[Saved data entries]
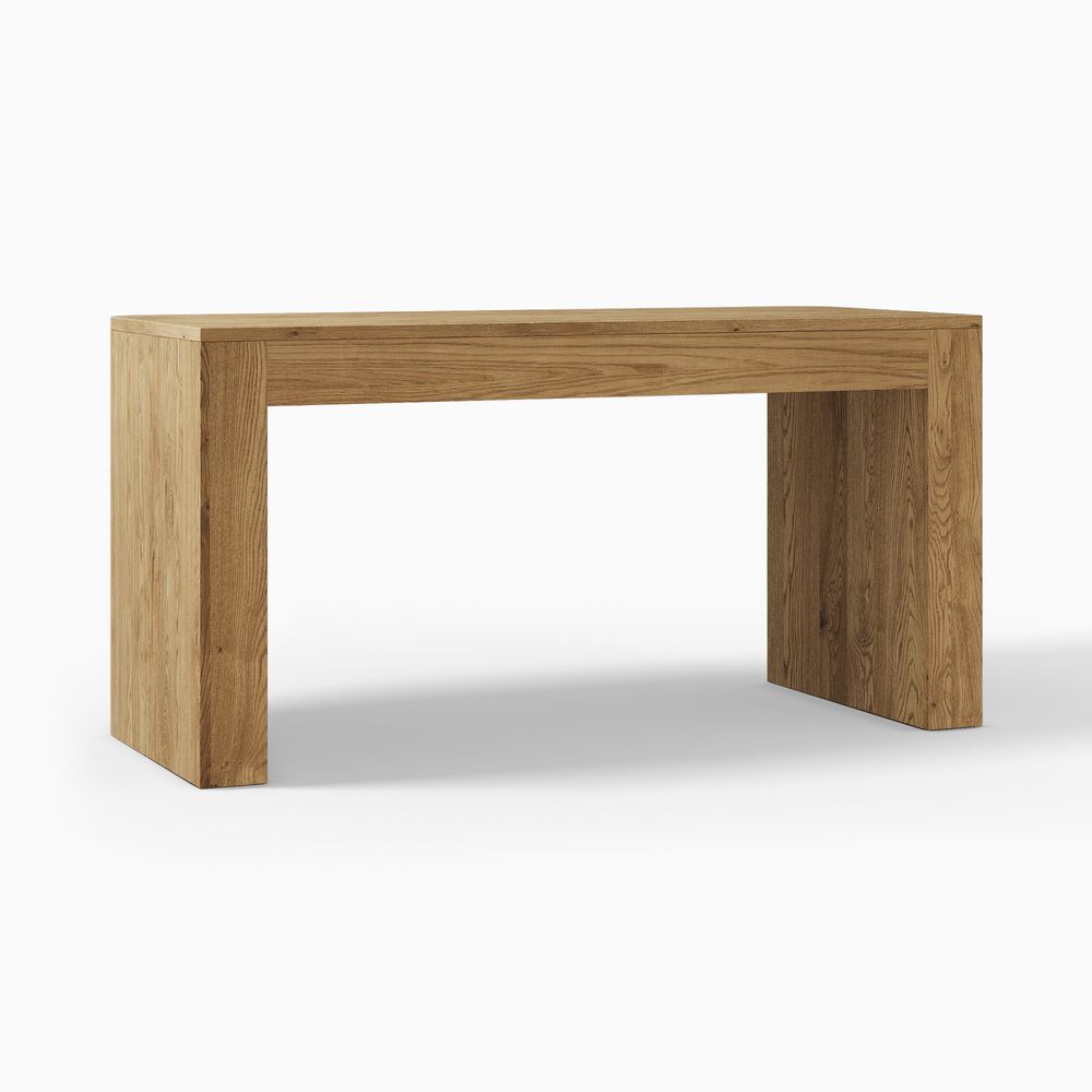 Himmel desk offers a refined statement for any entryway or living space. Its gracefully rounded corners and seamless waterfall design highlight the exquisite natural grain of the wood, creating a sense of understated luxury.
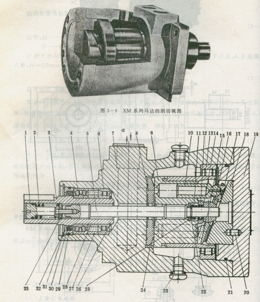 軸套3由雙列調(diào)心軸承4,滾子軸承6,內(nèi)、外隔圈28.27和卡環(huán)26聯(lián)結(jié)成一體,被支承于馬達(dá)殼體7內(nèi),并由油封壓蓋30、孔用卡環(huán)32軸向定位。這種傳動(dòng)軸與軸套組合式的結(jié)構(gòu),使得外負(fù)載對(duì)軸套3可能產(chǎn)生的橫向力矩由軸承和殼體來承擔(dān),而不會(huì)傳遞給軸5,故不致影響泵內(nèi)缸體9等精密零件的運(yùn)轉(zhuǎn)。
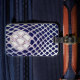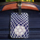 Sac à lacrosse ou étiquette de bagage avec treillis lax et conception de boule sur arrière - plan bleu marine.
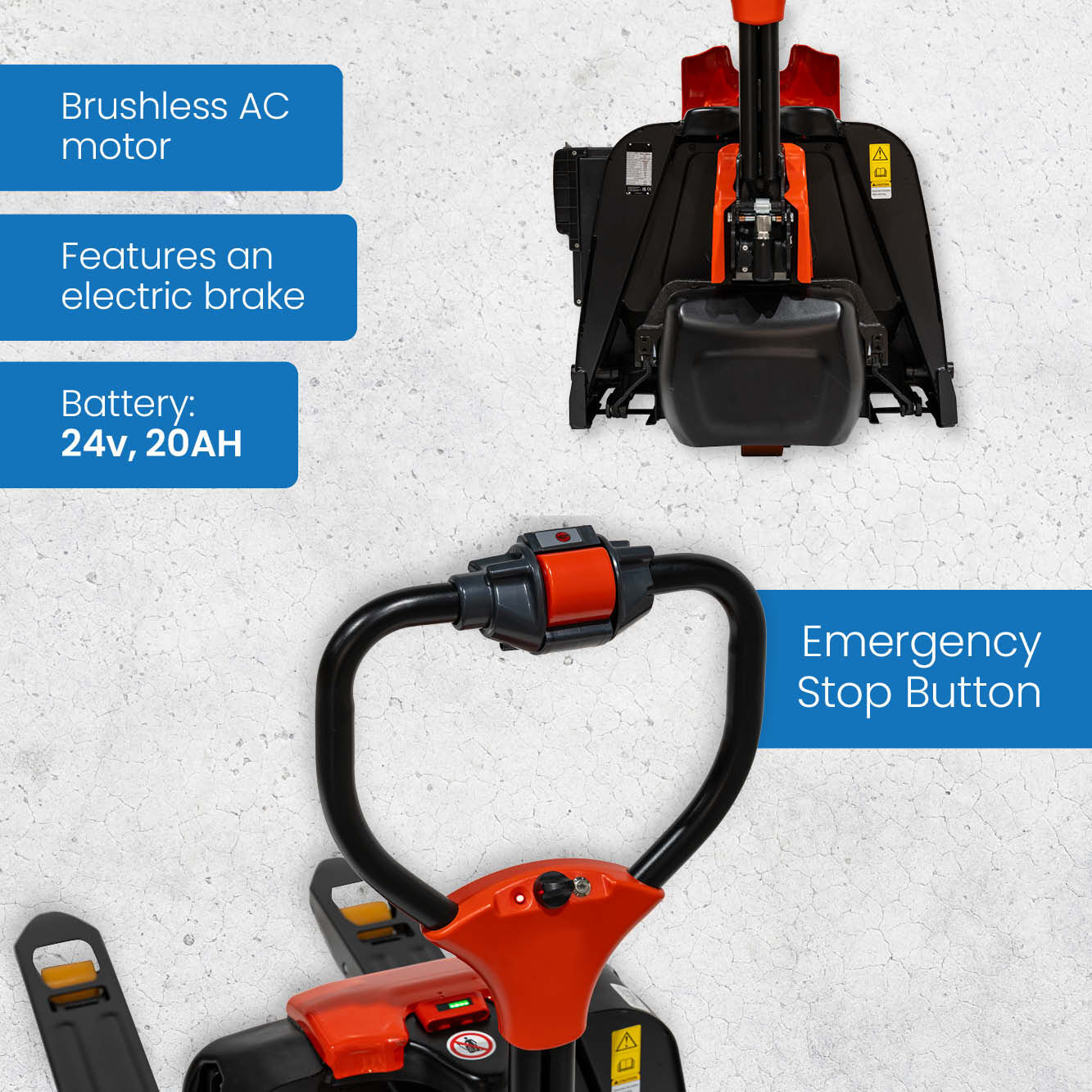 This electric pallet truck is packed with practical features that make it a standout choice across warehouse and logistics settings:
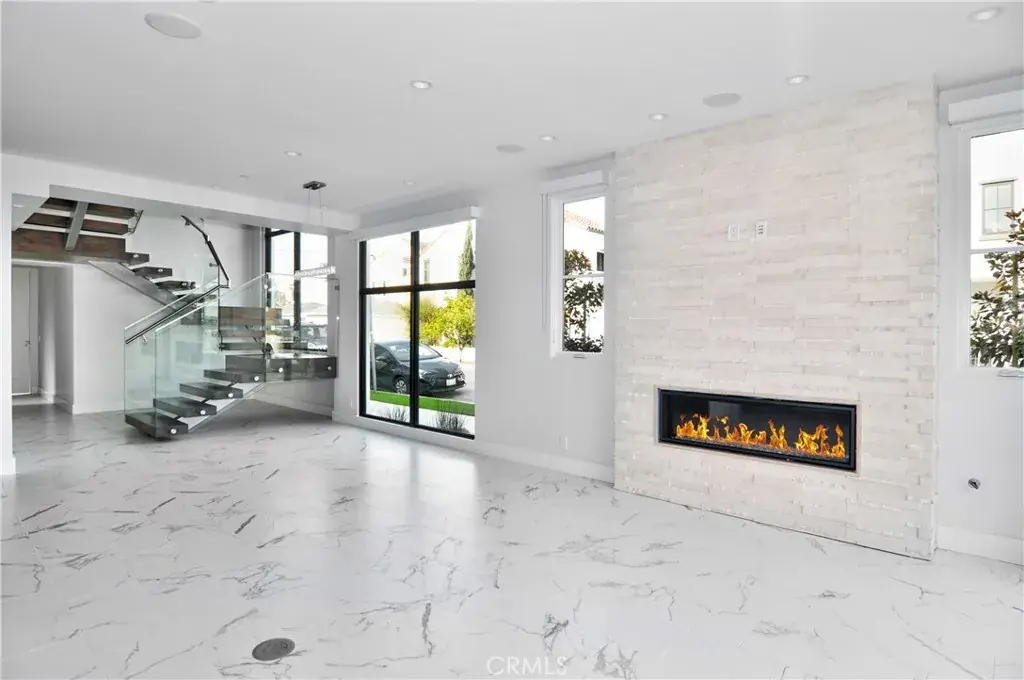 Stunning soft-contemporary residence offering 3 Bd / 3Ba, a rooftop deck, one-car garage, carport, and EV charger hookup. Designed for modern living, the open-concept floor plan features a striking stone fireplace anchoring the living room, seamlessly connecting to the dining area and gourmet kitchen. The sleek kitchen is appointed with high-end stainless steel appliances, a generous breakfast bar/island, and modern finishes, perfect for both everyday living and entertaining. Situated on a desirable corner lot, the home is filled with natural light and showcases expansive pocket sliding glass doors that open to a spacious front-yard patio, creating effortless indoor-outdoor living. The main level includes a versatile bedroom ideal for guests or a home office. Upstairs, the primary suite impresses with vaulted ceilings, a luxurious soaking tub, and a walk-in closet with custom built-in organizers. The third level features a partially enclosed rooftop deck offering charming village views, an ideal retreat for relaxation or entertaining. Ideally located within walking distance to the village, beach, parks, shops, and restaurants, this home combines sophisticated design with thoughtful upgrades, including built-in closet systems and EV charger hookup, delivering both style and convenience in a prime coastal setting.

EXERCISE BRIEF —
Pictures stay out of this copy; write out the entries above exactly.

TASK RESULT —
 Himmel desk offers a refined statement for any entryway or living space. Its gracefully rounded corners and seamless waterfall design highlight the exquisite natural grain of the wood, creating a sense of understated luxury.
 軸套3由雙列調(diào)心軸承4,滾子軸承6,內(nèi)、外隔圈28.27和卡環(huán)26聯(lián)結(jié)成一體,被支承于馬達(dá)殼體7內(nèi),并由油封壓蓋30、孔用卡環(huán)32軸向定位。這種傳動(dòng)軸與軸套組合式的結(jié)構(gòu),使得外負(fù)載對(duì)軸套3可能產(chǎn)生的橫向力矩由軸承和殼體來承擔(dān),而不會(huì)傳遞給軸5,故不致影響泵內(nèi)缸體9等精密零件的運(yùn)轉(zhuǎn)。
 Sac à lacrosse ou étiquette de bagage avec treillis lax et conception de boule sur arrière - plan bleu marine.
 This electric pallet truck is packed with practical features that make it a standout choice across warehouse and logistics settings:
 Stunning soft-contemporary residence offering 3 Bd / 3Ba, a rooftop deck, one-car garage, carport, and EV charger hookup. Designed for modern living, the open-concept floor plan features a striking stone fireplace anchoring the living room, seamlessly connecting to the dining area and gourmet kitchen. The sleek kitchen is appointed with high-end stainless steel appliances, a generous breakfast bar/island, and modern finishes, perfect for both everyday living and entertaining. Situated on a desirable corner lot, the home is filled with natural light and showcases expansive pocket sliding glass doors that open to a spacious front-yard patio, creating effortless indoor-outdoor living. The main level includes a versatile bedroom ideal for guests or a home office. Upstairs, the primary suite impresses with vaulted ceilings, a luxurious soaking tub, and a walk-in closet with custom built-in organizers. The third level features a partially enclosed rooftop deck offering charming village views, an ideal retreat for relaxation or entertaining. Ideally located within walking distance to the village, beach, parks, shops, and restaurants, this home combines sophisticated design with thoughtful upgrades, including built-in closet systems and EV charger hookup, delivering both style and convenience in a prime coastal setting.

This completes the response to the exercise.